Citing trouble: Profs frown on Wikipedia
No local colleges prohibit using online tool, but officials don’t recommend it.
KRIS WERNOWSKY kwernowsky@timesleader.com
If you believe everything you read on Wikipedia, then golfer Fuzzy Zoeller is a pill-popping, wife-beating drunk; comedian Sinbad died of a heart attack; and the prime minister of Norway is a pedophile.
Believe with caution, scholars warn.
The free online service Wikipedia was launched in 2001 as an open-source encyclopedia with content submitted and edited by volunteers.
There is little, or no, academic editorial oversight of Wikipedia and its 1.68 million articles unlike its paper-bound predecessors that, while not perfect, were vetted and subject to peer review.
This disturbs college professors who notice increased citations of Wikipedia articles in research papers submitted by students. The history department at one Vermont college recently developed a policy that forbids the use of the online service.
Brian A. Pavlac, chairman of the King’s College history department, said students should never use Wikipedia as a primary source for research.
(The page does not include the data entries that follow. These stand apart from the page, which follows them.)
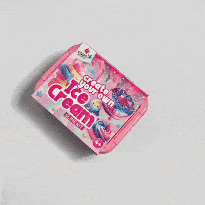 1× 200 g klej do slime, 1× 40 g aktywator slime, 2× pigment, 1× woreczek miękkiej glinki, 3× pojemniki, 1× buteleczka w kształcie rożka lodowego, 1× miarka, 1× miska do mieszania, 1× piankowa kulka w mieszanych kolorach, 1× woreczek mini posypek lodowych, 2× brokat, 2× proszek mica, 1× pudełko do przechowywania, 1× instrukcja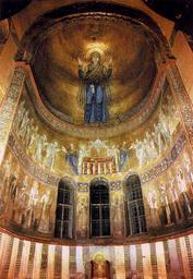 Keywords: Софія Київська, XI ст. Мозаїка у центральній апсиді. Центр мозаїчних композицій становить головна апсида. Величаве зображення Богородиці (5,45 м) - найбільше у давньоруському мистецтві, виступає на суцільному золотому тлі. Її мафорій* просякнутий золотими променями (золото - символ божественного світла і безмежного простору). Богородиця панує над центральною навою, уособлюючи "церкву земну" та заступницю перед Пантократором. У середньому поясі апсиди - велика монументальна композиція - "Євхаристія". По центру обабіч престолу з киворієм** стоять ангели з рипідами***, і Христос у двох іпостасях причащає апостолів, які підходять до нього справа та зліва, хлібом і вином, перетвореними чудесним способом у тіло і кров Христову. Апостоли зображені на золотому тлі без позему, що створює ілюзію безмежного простору. Вони ніби пронизані наскрізь світлом, перебуваючи в містичній атмосфері літургійного дійства, яке їх цілковито захопило величчю духовної радості. * мафорій - покривало заміжніх жінок; ** киворій - купол над престолом, що підноситься на колонах; предмет для зберігання святих дарів; *** рипіди - променеві кола, опахала, віяла. Д.П. Крвавич, В.А. Овсійчук, С.О. Черепанова - Українське мистецтво, т.2, Львів, "Світ", 2004. - с. 145, іл. 181 |
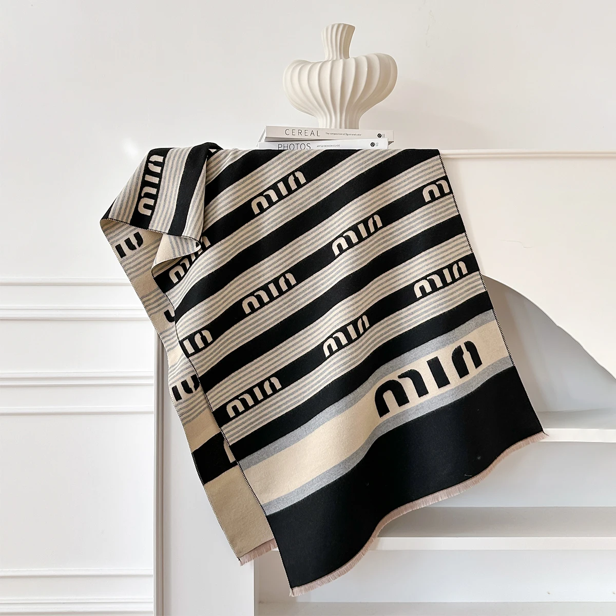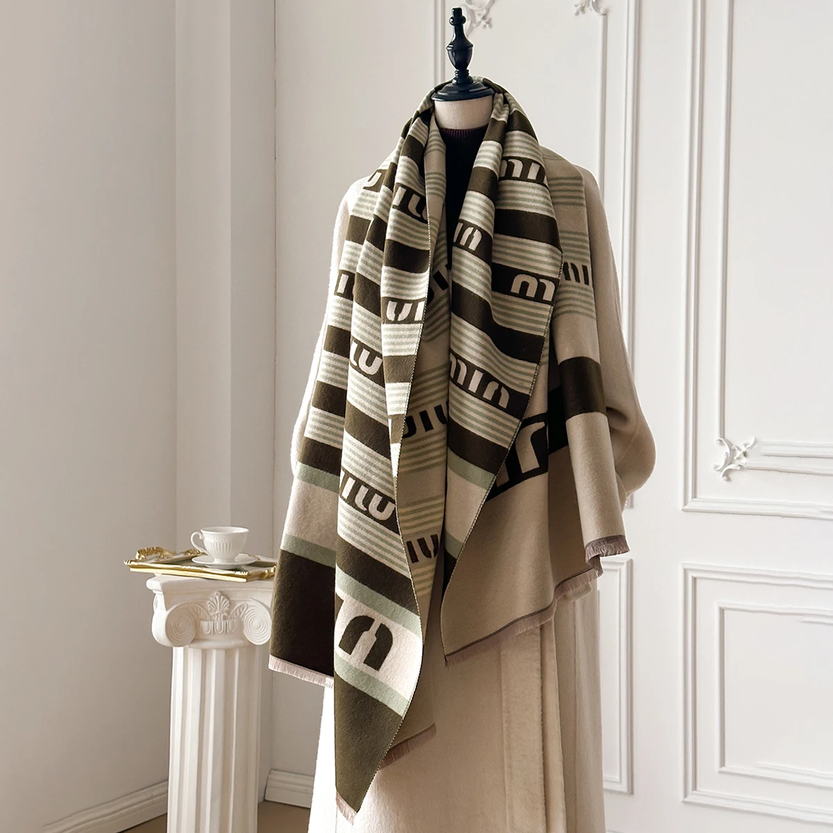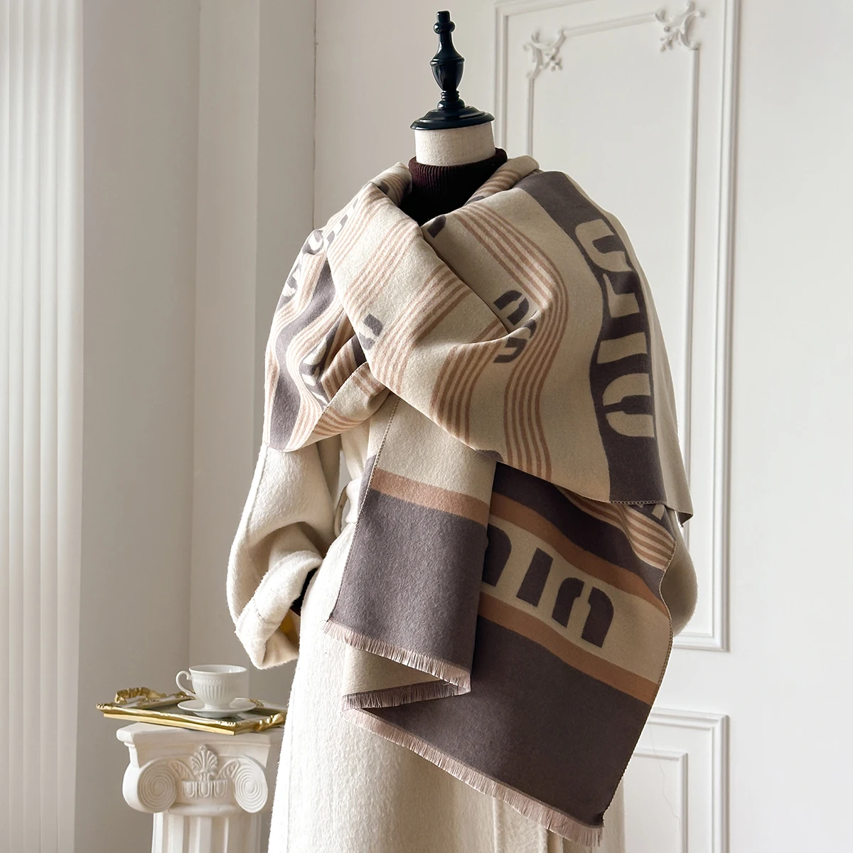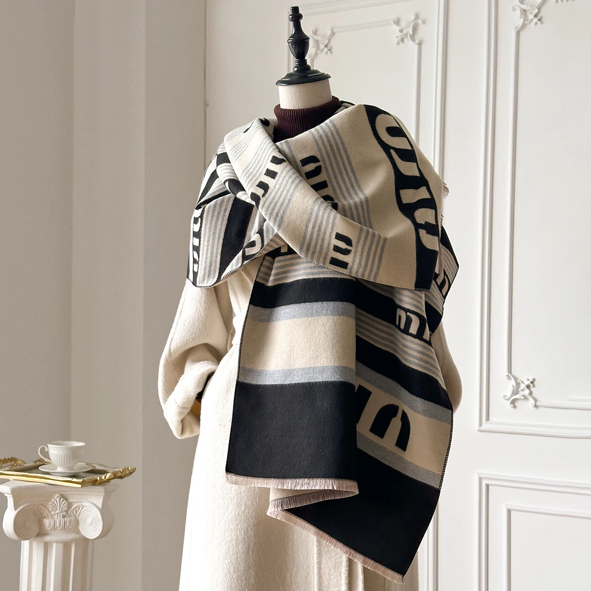 New Brand Elegance Two-Sided Print Scarf Soft Warm Fringe Pashmina Shawl Autumn and Winter Outdoor Coldproof Windproof Blanket

If a student must use the site, Pavlac suggests using Wikipedia as a tertiary source, or a guidepost to lead students to other forms of more credible information.
“It has its value, but you have to be very careful with it,” said Pavlac, who teaches a research methods course at King’s. “Be aware of its limitations.”
While no area colleges forbid the use of Wikipedia for research, Middlebury College in Vermont took strict action in telling students they could not use it as a source for papers and exams.
Neil Waters, professor of Japanese studies at Middlebury, said he started to notice the trend last semester when his students’ final exams featured “the same nuggets of misinformation.” He drafted the policy, took it to the department and it passed.
A disclaimer on the Web site warns users that all articles are not of “encyclopedic quality from the start” and says that “many articles start their lives as partisan, and it is after a long process of discussion, debate and argument, that they gradually take on a neutral point of view reached through consensus.” In other words, even if an article contains some misinformation, it’s up to users and volunteers to weed out bad information in exchange for something truthful.
“I think, when Wikipedia works the way it’s supposed to, you can have a crummy article on Wikipedia and people can contribute what they know and it will get better and better,” Waters said. “My view of human nature is not quite so optimistic. The same people who can improve things and make them better; other people can jump in, out of ignorance or malcontent can contribute to its inaccuracy.”
Of course comedian Sinbad isn’t dead, but this past weekend, a Wikipedia posting claimed the actor who starred in the television series “A Different World” and the film “Jingle All The Way” died on the morning of March 14 as a result of a heart attack.
“Saturday I rose from the dead and then died again,” the funnyman told an Associated Press reporter.
Golfer Zoeller didn’t take too kindly to his place in Wikipedia. He filed a lawsuit, not against the Web service, but against the Miami-based company that owns a computer where an article claiming the golfer abused drugs and alcohol was written.
The stalwart weekly news publication The New Yorker recently admitted one of its writers cited a Wikipedia administrator who edited articles and claimed to be a tenured theologian with a Ph.D. The administrator was actually a 24-year-old community college dropout.
Kevin Norris, a reference librarian at the University of Scranton who teaches a course in electronic research, said Wikipedia’s use by college students says less about online encyclopedia, and more about the students who choose to use it.
“I think most students know it’s not the best source, but it’s easy to do an Internet search,” Norris said. “We all remember what it was writing research papers in college. They’re usually started the night before they’re due. People don’t always pick the best sources, but sometimes they pick the easiest sources.”